Suddenly milions of visitors to EC2 instance run wordpress multisite. Very slow, now what? [duplicate]

This is a canonical question about capacity planning

Related:

  • How do you do load testing and capacity planning for web sites?
  • How do you do load testing and capacity planning for databases?

I have a question regarding capacity planning.

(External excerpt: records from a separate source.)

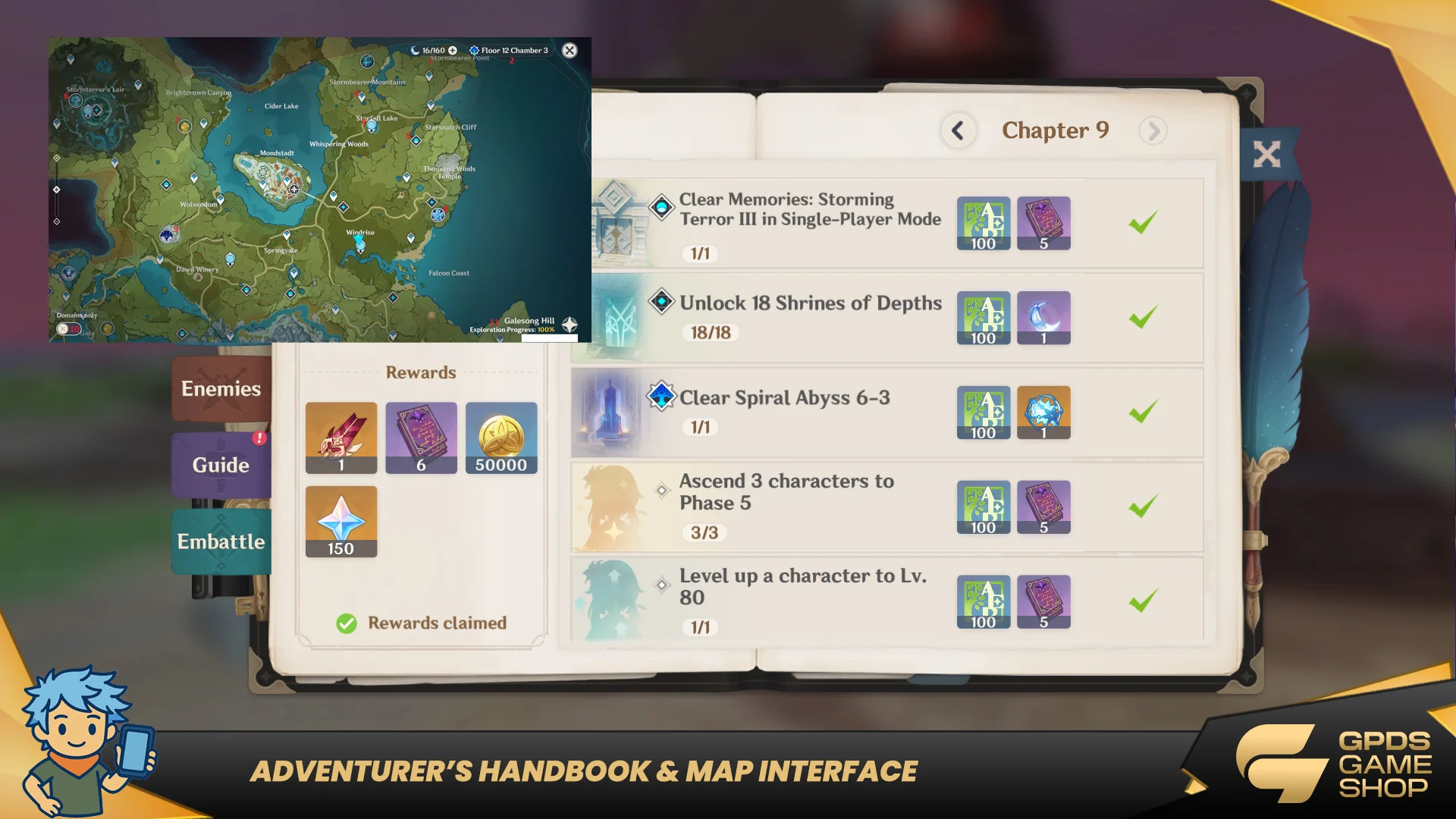 The Adventurer’s Handbook tracks bosses, farming materials, and Adventure Rank EXP goals. Whenever you’re unsure what to do next, open it. It’s your built-in Genshin Impact guide for daily progression.
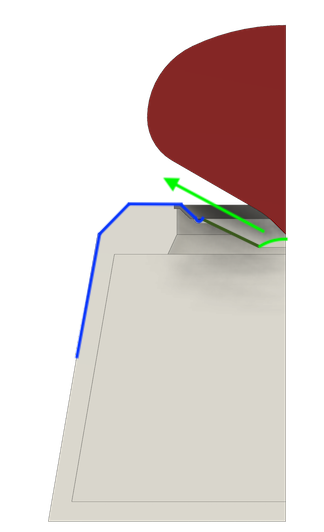Die innere Schräge vom blau gekennzeichneten Bereich gehört zum Korb. Kann man auf Bildern im Internet kaum erkennen.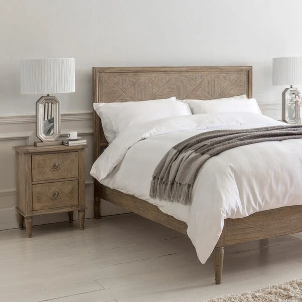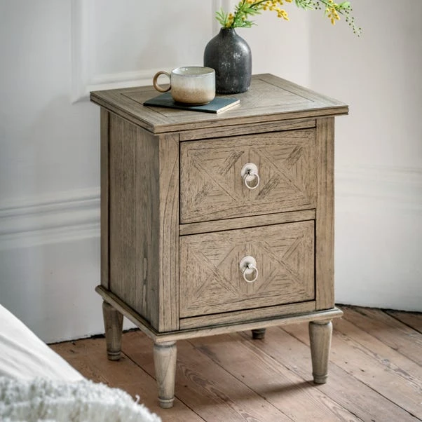 The Modesto 2 Drawer Bedside Table, crafted from Mindy Ash wood brushed to create natural ageing, giving a nod towards French Colonial style. With two drawers and the flexibility to equally suit modern interiors, this bedside table comes with matching items for a cohesive bedroom ensemble.

Can the Server Fault community please help with the following:


  • What kind of server do I need to handle some number of users?
  • How many users can a server with some specifications handle?
  • Will some server configuration be fast enough for my use case?
  • I'm building a social networking site: what kind of hardware do I need?
  • How much bandwidth do I need for some project?
  • How much bandwidth will some number of users use in some application?

The Server Fault community generally can't help you with capacity planning - the best answer we can offer is "Benchmark your code on hardware similar to what you'll be using in production, identify any bottlenecks, then determine how much of a workload your current hardware can handle, and/or how much hardware horsepower you need to handle your target workload".


There are a number of factors at play in capacity planning which we can't adequately assess on a Question and Answer site:

  • The requirements of your particular code/software
  • External resources (databases, other software/sites/servers)
  • Your workload (peak, average, queueing)
  • The business value of performance (cost/benefit analysis)
  • The performance expectations of your users
  • Any service level agreements/contractual obligations you may have

Doing a proper analysis on these factors, and others, is beyond the scope of a simple question-and-answer site: They require detailed knowledge about your environment and requirements which only your team (or an adequately-compensated consultant) can gather efficiently.


Some Capacity Planning Axioms

  1. RAM is cheap
    If you expect your application to use a lot of RAM you should put in as much RAM as you can afford / fit.
  2. Disk is cheap
    If you expect to use a lot of disk you should buy big drives - lots of them.
    SAN/NAS storage is less cheap, and should also usually be spec'd large rather than small to avoid costly upgrades later.
  3. Workloads grow over time
    Assume your resource needs will increase.
    Bear in mind that the increase may not be symmetrical (CPU and RAM may rise faster than disk), and it may not be linear.
  4. Electricity is expensive
    Even though RAM and disks have decreased in price considerably, the cost of electricity has gone up steadily. All those extra disks and RAM, not to mention CPU power, will increase your electricity bill (or the bill you pay to your provider). Plan accordingly.

Virtual Machine Count planning

When it comes to figuring out how many VMs you should plan for on a single host, there are actually no really good rules of thumb. In fact, there is only one, and it is only kind of good:

Virtual-Machine counts are usually bounded by RAM, except for when they're not.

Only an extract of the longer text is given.